Which Thread am I running on?

Because the Kotlin scheduler handles parking and resuming of coroutines, you might wonder which thread the code is exactly running on. There are ways to be more specific about this with dispatchers. Dispatchers are responsible for selecting an appropriate thread for your code to run on. If you don't specify any dispatcher, the default dispatcher is used which just picks a thread from a shared background thread pool. But what if we want a more specialized dispatcher? Take a look at this example:

// Assume this code is inside the body of a suspending function
val result = withContext(Dispatchers.IO) {
  client.getResponse() // this could be a network call
}

The withContext function is a way to switch to a different context which includes dispatchers. Here we select the IO dispatcher which is optimized for code that works with blocking I/O like the file system or the network. It could still happen that a thread from the default background thread pool is selected, because creating new threads is expensive. It's just that the IO dispatcher is more liberal with how many threads can be created in total and has sophisticated algorithms to enlarge or shrink this extra thread pool. If the code is already running in a context with the IO dispatcher, withContext simply does nothing.

Beware the ThreadLocals

Because coroutines are executed on whatever thread the scheduler picks for them, properties which are stored as a ThreadLocal such as logging context data (MDC) or servlet properties are often lost inside a coroutine. To copy the needed values into the scope of the coroutine, you can use Thread Context Elements.

What about Project Loom?

A question often asked is: Do we really still need coroutines with project Loom? If you are already using Kotlin, then using coroutines keeps making sense, the language support for it is there. Using Java APIs from Kotlin is of course possible, but does not offer the best experience. When project Loom is finally complete, it is likely that we might get some improvements out of the box. Servlet applications such as Tomcat could replace their thread-based request handling with virtual-thread-based request handling which works nicely with coroutines. Kotlin itself might decide to create a dispatcher which schedules coroutines onto virtual threads instead of actual threads to let the JVM manage the actual threads, but that remains to be seen.

Summary

We have taken a brief glance at coroutines, but much like reactive code, once you enter that world, you can start feeling trapped.
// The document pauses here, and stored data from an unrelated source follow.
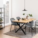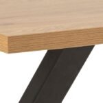 Transform your dining space with our rectangular table, designed to enhance both style and function. The textured wild oak-effect top adds a rustic charm, while the bold matte black steel cross base creates a striking modern contrast. This table effortlessly combines natural beauty with industrial flair, making it a standout centerpiece in any room.
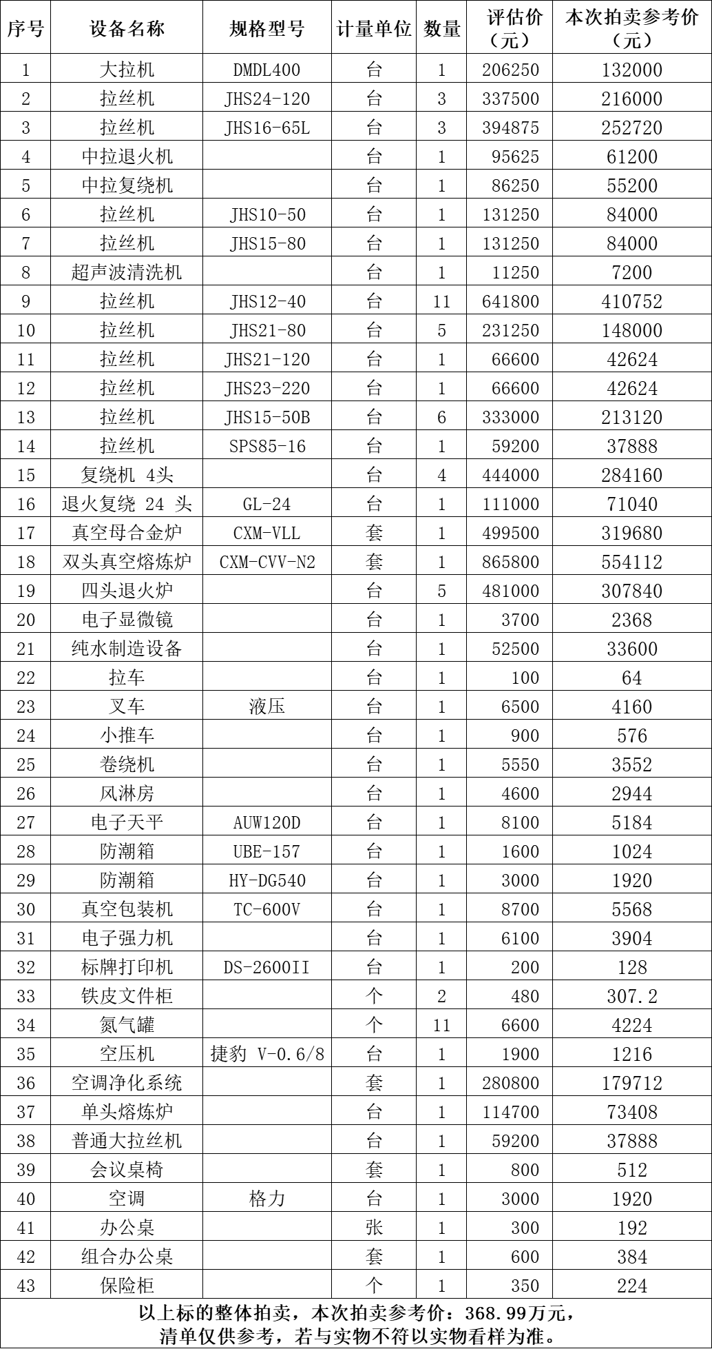 一、拍賣標的:雙頭真空熔煉爐、真空母合金爐、空調凈化系統(tǒng)、拉絲機、復繞機4頭、大拉機、單頭熔煉爐等二手設備一批,整體拍賣,參考價:368.99萬元。競買保證金:20萬元。
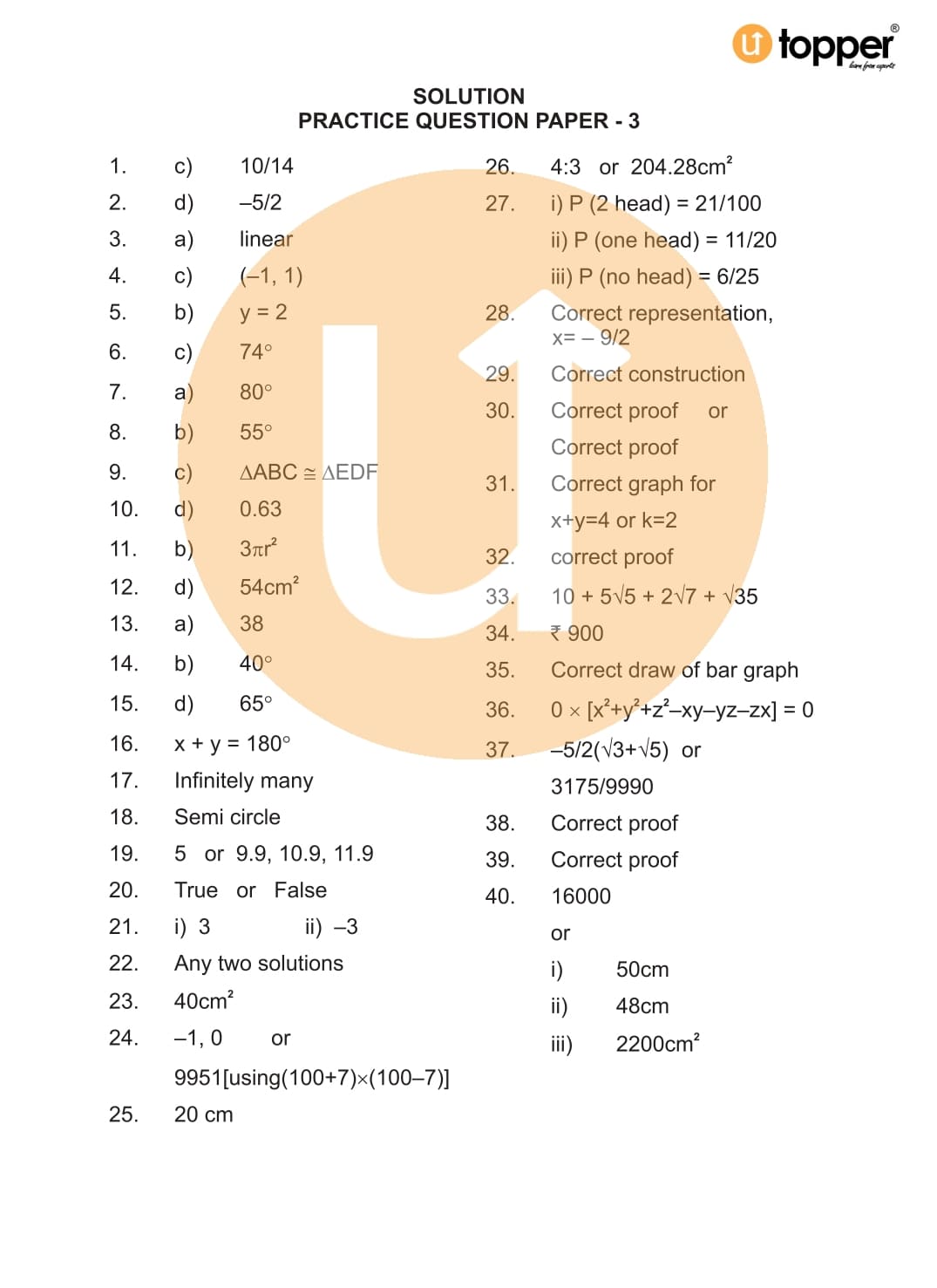 CBSE Class 9 Maths Exam Sample Paper 3 with Solutions Pdf
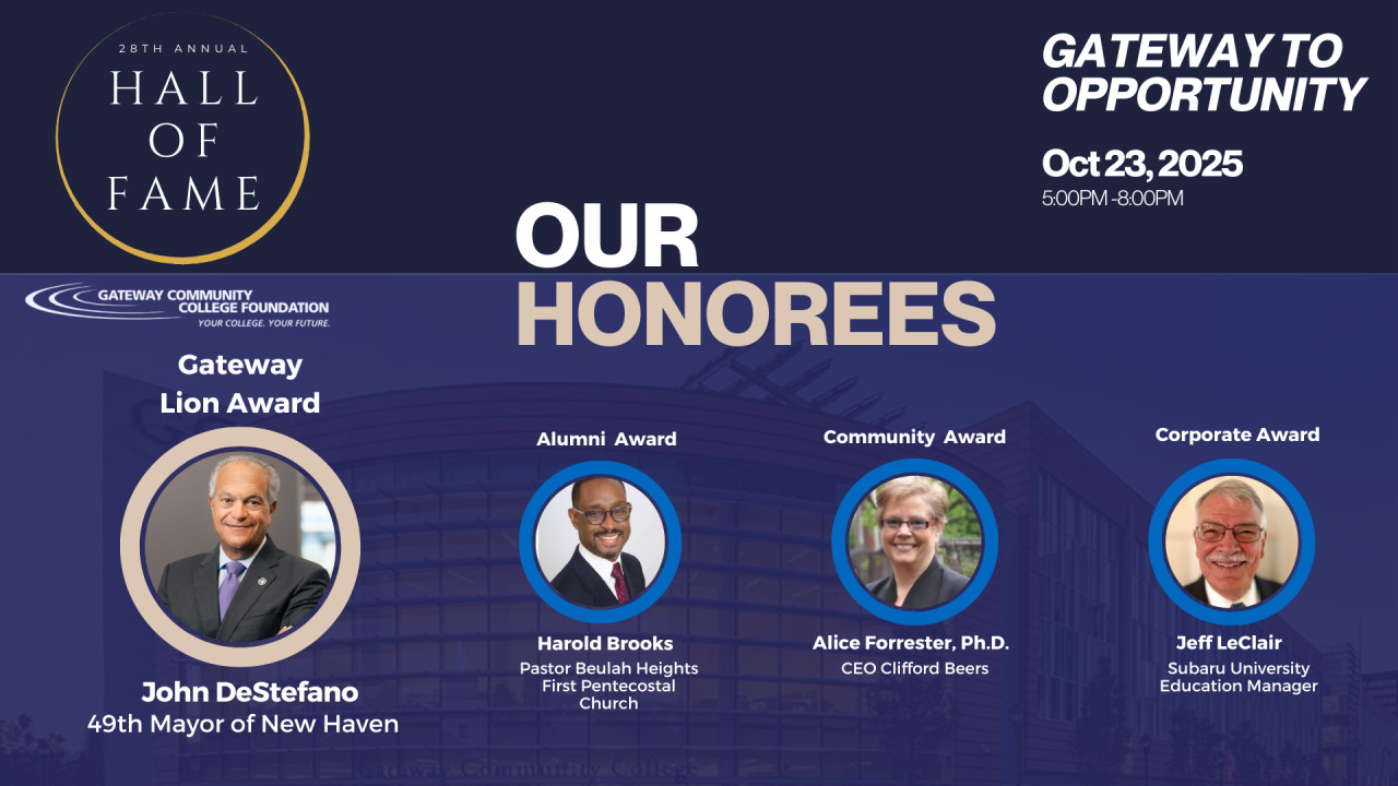Hall of Fame is the Foundation’s most ambitious annual event, and the largest private source of scholarship funds for Gateway students. More than 200 of New Haven’s corporate, nonprofit, academic, government and community leaders are expected to help celebrate the honorees. There will be delicious food; short, impactful programming; and great networking.

One suspending function will often lead to many other suspending functions all over your code. At least you won't have to deal with specific result types, like Fluxes and Monos, so inside of those functions everything looks pretty normal. A chain is only as strong as its weakest link so if you want to write a completely non-blocking application you have to make sure that everything is non-blocking, from the initial inbound request to the eventual database query or downstream network call, and this can be quite the challenge.